Richiamiamo le definizioni. La carreggiata è la parte della strada destinata allo scorrimento dei veicoli. La corsia organizza una fila in un determinato senso. Banchina, corsia di emergenza, pista ciclabile, marciapiede e isola di traffico non diventano corsie di marcia soltanto perché sono liberi.

La regola di base è che i veicoli devono circolare sulla parte destra della carreggiata e in prossimità del margine destro, anche quando la strada è libera. Questo contrasta un errore comune: occupare il centro perché non arriva nessuno. Tenersi correttamente a destra rende prevedibile la traiettoria e lascia spazio ai veicoli che incrociano o sorpassano nei casi consentiti.

I veicoli sprovvisti di motore e gli animali devono essere tenuti il più vicino possibile al margine destro. Fanno eccezione i velocipedi nelle zone di attestamento ciclabili, nelle strade urbane ciclabili e nelle zone ciclabili, dove possono occupare qualunque posizione sulla carreggiata. Nelle corsie ciclabili devono invece occupare la parte più esterna della corsia.

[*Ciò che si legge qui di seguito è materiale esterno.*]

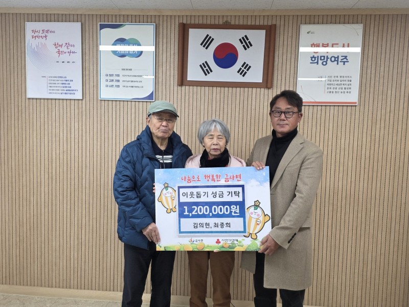 금사면 생활개선회 최종희 회장이 배우자와 함께 지난 24일 여주시 금사면행정복지센터(면장 박거수)를 방문하여 이웃돕기 성금 120만원을 기탁하였다.

Primo scenario. Percorri una strada a doppio senso con una corsia per ogni direzione. La strada è deserta e il rettilineo molto largo. Non puoi guidare vicino alla linea centrale per comodità. La posizione normale resta nella corsia destra, in prossimità del margine destro, mantenendo naturalmente una distanza prudente da ostacoli e pedoni.

Quando si incrociano altri veicoli, oppure si percorrono una curva o un raccordo convesso su strada a doppio senso con una sola corsia per direzione, bisogna tenersi ancora più vicino al margine destro. La regola evita invasioni della parte opposta proprio dove lo spazio o la visibilità sono più critici. Non si applica nello stesso modo quando i sensi sono separati, quando esistono almeno due corsie per ogni senso o quando la carreggiata è a senso unico.

Su una strada divisa in due carreggiate separate si percorre quella di destra rispetto alla propria direzione. Se le carreggiate separate sono tre, si percorre quella di destra o quella centrale, salvo diversa segnalazione. Le carreggiate non sono corsie: non si può dire che quella di sinistra sia semplicemente la corsia di sorpasso della carreggiata di destra.

Richiamo attivo. Una strada ha due carreggiate separate, una per ogni senso. Per sorpassare puoi spostarti nella carreggiata opposta perché si trova alla tua sinistra?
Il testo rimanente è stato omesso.